I am looking for the official Swift grammar, in machine readable form, which can be read easily and parsed.
Does it exist?
TSPL has a section for the grammar, but it is not presented in a way which is amenable to parsing.
I am looking for the official Swift grammar, in machine readable form, which can be read easily and parsed.
Does it exist?
TSPL has a section for the grammar, but it is not presented in a way which is amenable to parsing.
The TSPL repo contains a summary of the grammar
How accurate do you need it to be?
Perhaps you could look at one of the free syntax highlighting engines that support Swift as a starting point.
I don’t think anyone has written anything down which you can just feed into a parser generator and get something back that supports everything the C++ and Swift parser implementations do. The fundamental “source of truth” here are those two hand-coded implementations.
is the eventual goal to do semantic highlighting on the web?
i’m not aware of any client side highlighters that can accurately highlight Swift, the best i’ve seen is GitHub’s and it still struggles with moderately complex Swift code.
on the server side, SwiftSyntax is the way to go.
I have some experience with this since I've had the good fortune (?) of having to write a grammar/table-driven parser for Swift to integrate in some of my employer's internal tooling.

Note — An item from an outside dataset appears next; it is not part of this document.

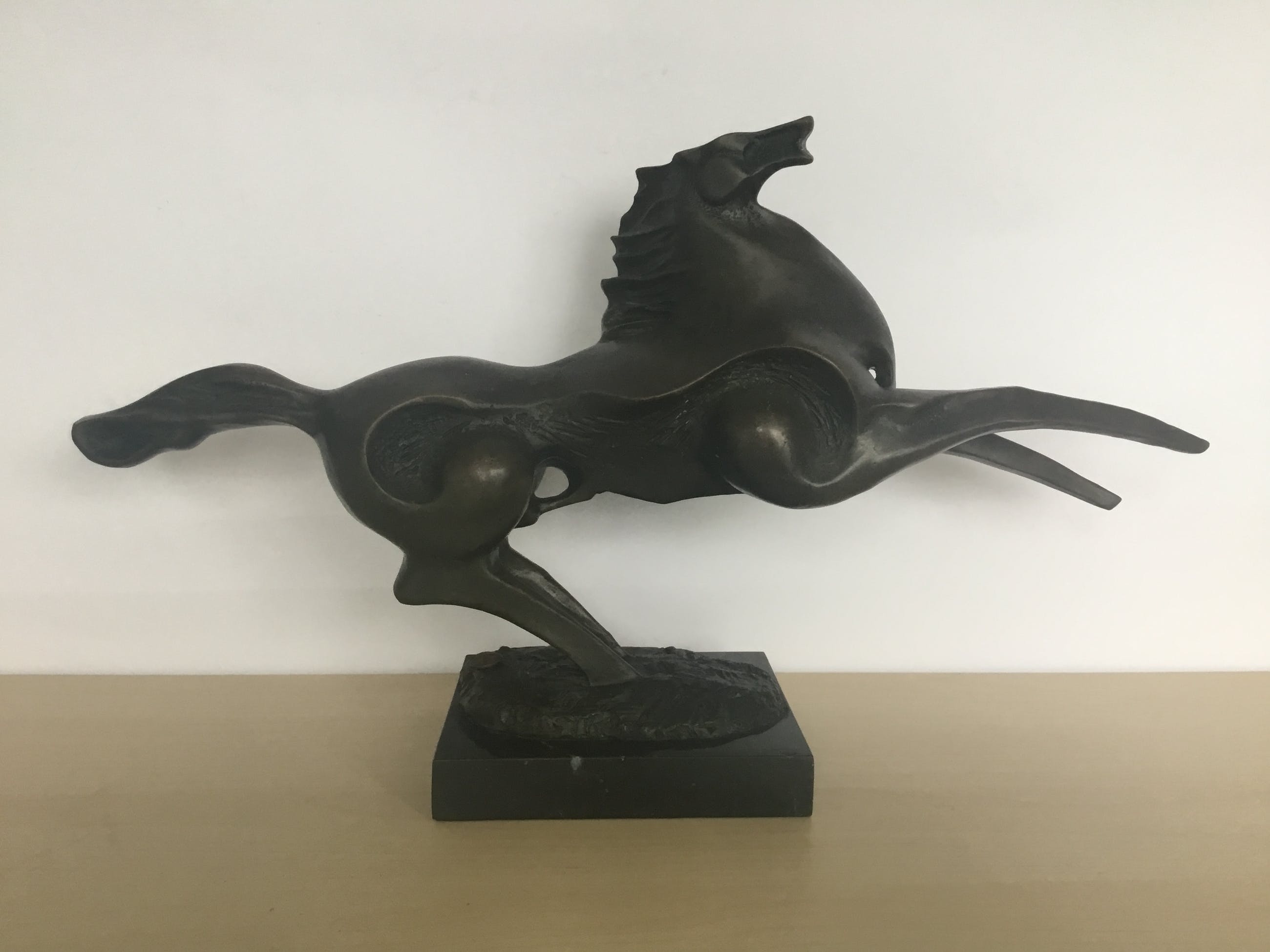 Mooi groot gestileerd beeld van een paard, voorzien van stempel.
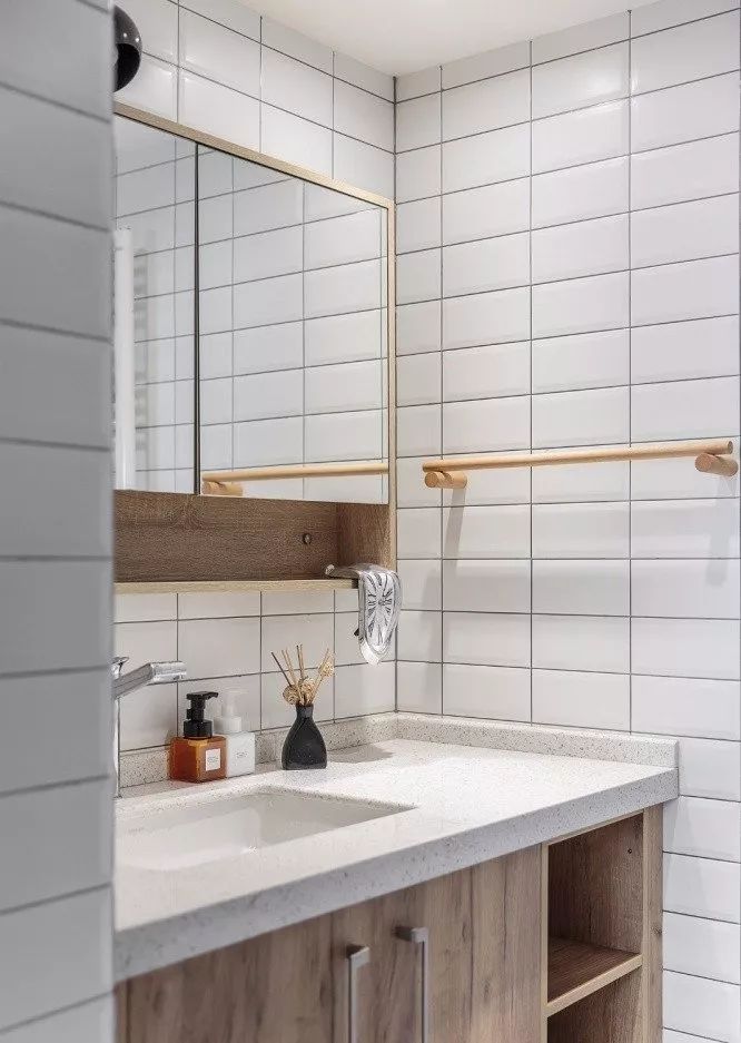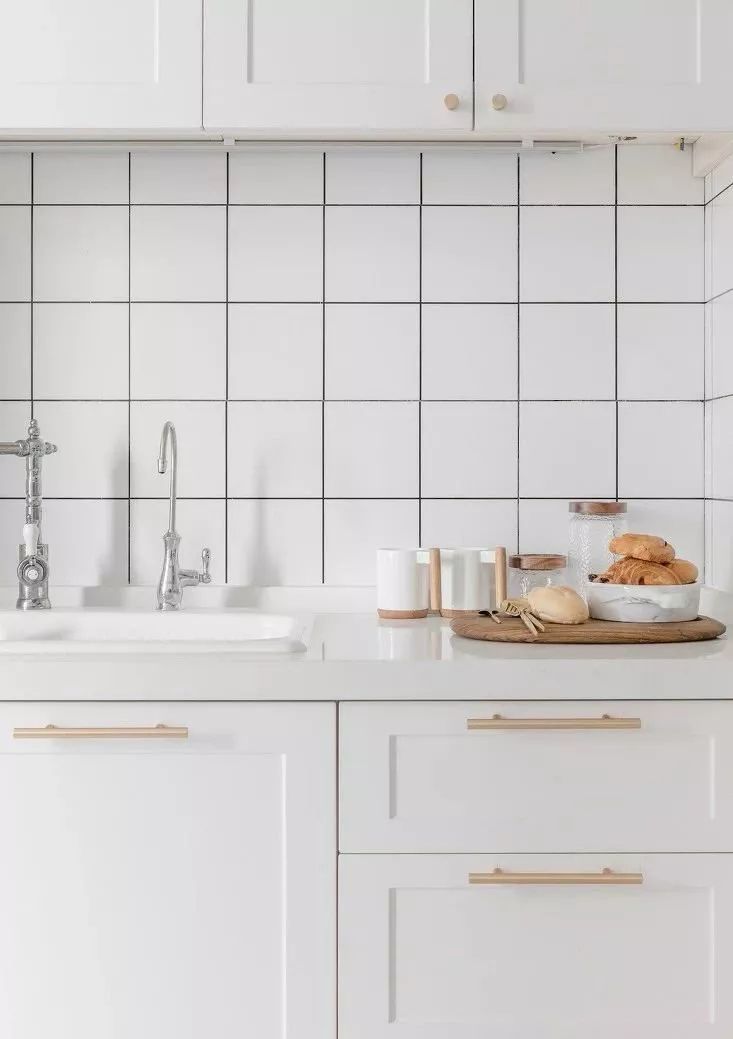 各种小白砖都可以搭配深灰色美缝,对比鲜明,线条感强。建议不要用纯黑色,太死板,就像买女生买眉笔不买纯黑色,是一样的道理。

It's not perfect yet (it successfully parses 98.7% of the .swift
files in our monorepo, and that includes test cases from the toolchain that intentionally include parse errors so the actual number is higher), but it does handle a lot of the more complex cases in the language to disambiguate things like trailing closures, keywords that are contextual based on subsequent whitespace, and things like that.
Unfortunately the open-sourcing process for that project is hung up on some approvals so I don't know when I'll be able to actually point people to it.
swift-syntax is absolutely the answer if you're able to run Swift in your environment because you're never going to find a better parser than the real one, but for folks with other constraints, I hope I'm able to post an update on my work in the near-ish future.